I am kind of torn on that one. On the one hand it makes sense for them to keep the segmentation of the product line. On the other hand memory and IO could be an easy way to one up Intel when it may become necessary.

yep, I agree

exactly! probably expensive though but a further advantage for the architecture

ajc9988 · November 14, 2018, 7:58pm

You seem confused on the comment of the large victim cache. Let me put it into perspective.

With AIDA64, measuring peak throughput, AMD’s L3 cache on TR is around 800GBps, while Intel’s L3 is around 200-300GBps. For overclocked ram on TR or Intel, you could see around 100GBps, and around 160GBps for Epyc.

So, AMD’s L3 has a peak around 3-4x that of Intel’s L3 cache speed, but the cache serves a different purpose: being a victim. That means it is a cache pool all cores will draw on and share, which means lots more calls, etc., so faster speeds help keep the data flowing as all cores can access it.

With the 32-core 2990WX, we saw that aside from the off die latency to get to the memory controller, there was more work keeping the cores fed using just 4-channel memory over the 8-channel Epyc chips.

So, what is the solution? Well, if you double the L3 cache per core to 4MB from 2MB, then double the cores with that, so long as you keep mem latency down and latency between dies and I/O chiplet down, then the faster L3 cache can serve up large amounts to the cores to keep them fed, combating the memory channel issues seen with the off-die access of the 2990WX. There is also the chance that speeds of the caches have been increased.
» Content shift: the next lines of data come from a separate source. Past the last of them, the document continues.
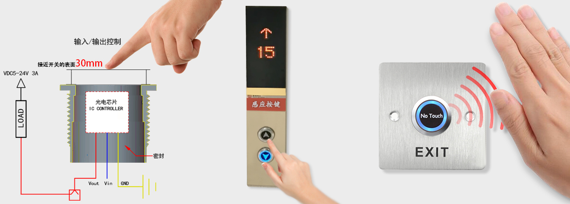 新款TF系列 Touch Free key switch.是我公司在原來PT系列光電觸摸開關基礎上的改進型,完美解決了按鍵類開關,必須用手接觸的工作原理,性能明顯優(yōu)于常見的電容式觸摸開關,在電梯按鈕,門禁系統(tǒng),醫(yī)療設備,公共場所的按鈕提供了無接觸式開關的先例。
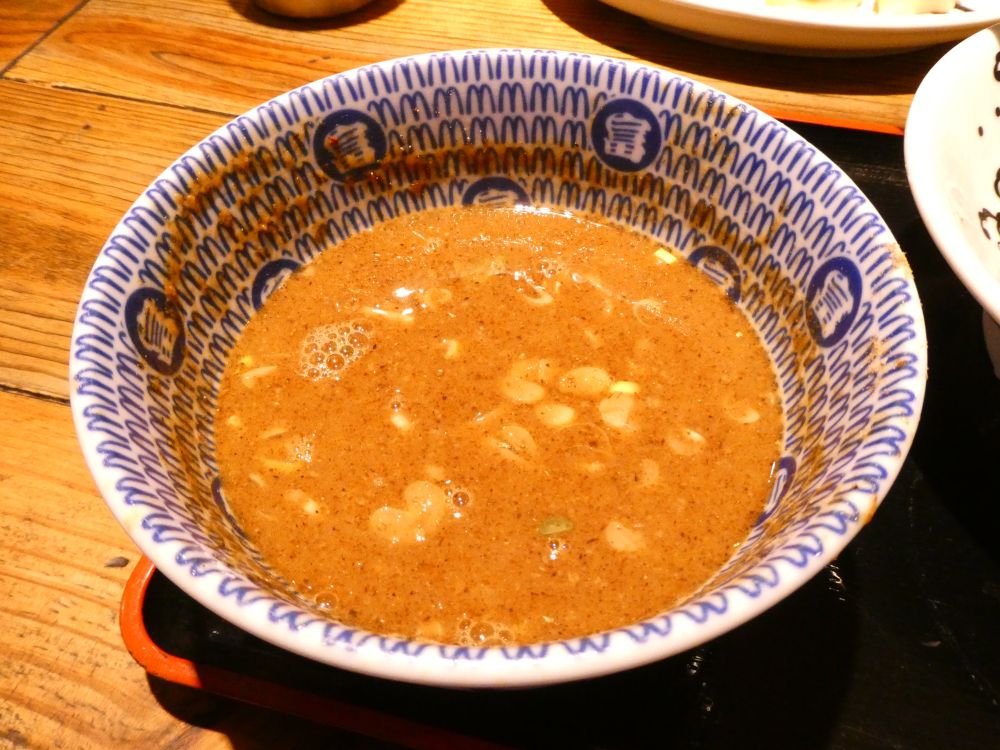 最後はスープ割。スタッフがホットで割りスープを注いでくれた。割りスープでつけ汁を薄めたとはいえ、やはり濃厚だ。
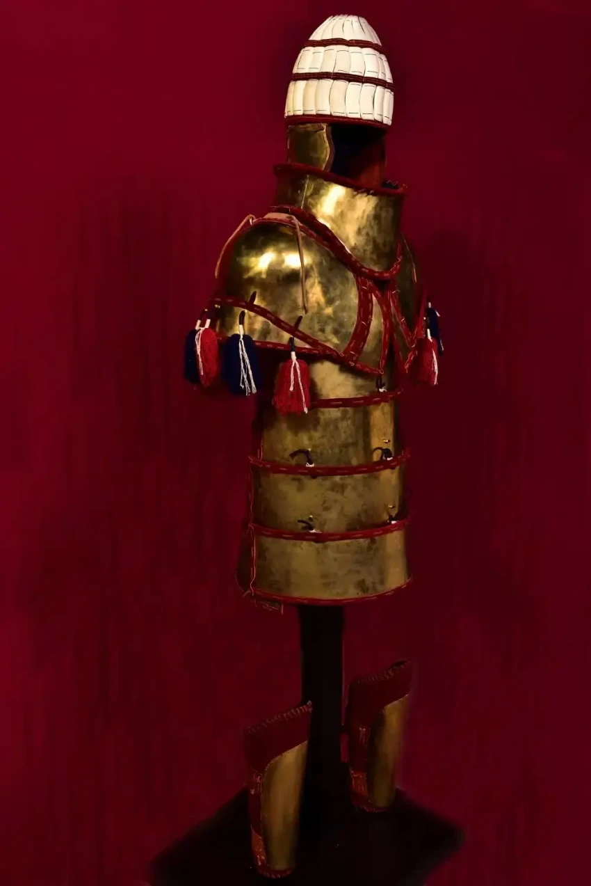 Чешуйчатые микенские доспехи, воссозданные по мотивам декоративной шкатулки из слоновой кости из Энгоми (Кипр). Фото: Димитриоса Карвунциса
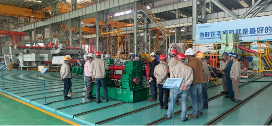 2023年3月14日,臺灣燁興線棒復(fù)合線改造項目業(yè)主就中冶賽迪裝備設(shè)備成套的NHCD系列高剛度短應(yīng)力線軋機(jī)、FHSCD系列飛剪、夾送輥、SRSCD系列高速線材減定徑機(jī)組等核心設(shè)備進(jìn)行A檢。通過過程材料檢查、數(shù)據(jù)測量、模擬試車等一系列環(huán)節(jié),各項指標(biāo)均符合設(shè)計要求,A檢順利通過。其中精軋區(qū)核心裝備之一的減徑機(jī)測試速度達(dá)117m/s,最大振動值2.6mm/s,達(dá)到國際先進(jìn)水平。

For example, the L2 caches between AMD and Intel solutions are roughly the same speeds, with slight edge on peak going to Intel. But, for L1 cache speeds, Intel is like double the speed of what is seen on AMD according to AIDA64, if not more. Some of that will be effected with AMD’s changes to the branch prediction, instruction pre-fetch, etc. So some other good changes to that were hinted at, while we will know more at launch, with some other hints coming before launch as well.

Does that make a little more sense on the larger cache size making up for not increasing the memory channels to a degree, which double the memory channels to double the memory bandwidth would still fall far short of the faster L3 cache speeds, and doubling the amount that can be held in that cache leaves it more on tap for the cores to call on.

ajc9988 · November 14, 2018, 8:13pm

TR 1950X

7980XE

These are to show the cache differences between the two. The person with the 7980XE mentioned that before using the Beta, the L1 cache read at half of what is pictured here. The results in the first picture is my personal rig. Both performed in Windows 10 1803.

denstieg · November 14, 2018, 8:55pm

Hmm have to find out/lookup the theoretical and practical difference and pro/cons to massive L3 or big L3 + L4 cash, that intel i7 5775c was a interesting chip for sure. 256mb of L3 is a little insane isn’t it?, I think 64mb L3 + 128mb of dram victim cash seem just a tad les of a insanity

denstieg · November 14, 2018, 9:06pm

WTF Rome isn’t out yet and now this?

OK its wwtalkoutarsTech but stil

anotherriddle · November 14, 2018, 9:32pm

I have not looked at it from that perspective yet. The only time I looked at performance impact of cache sizes and its bandwidth was with a very custom workload that had to move a lot of unique data. Maybe that is skewing my opinion on the benefit of large cache sizes. My workload probably was not very representative of other applications.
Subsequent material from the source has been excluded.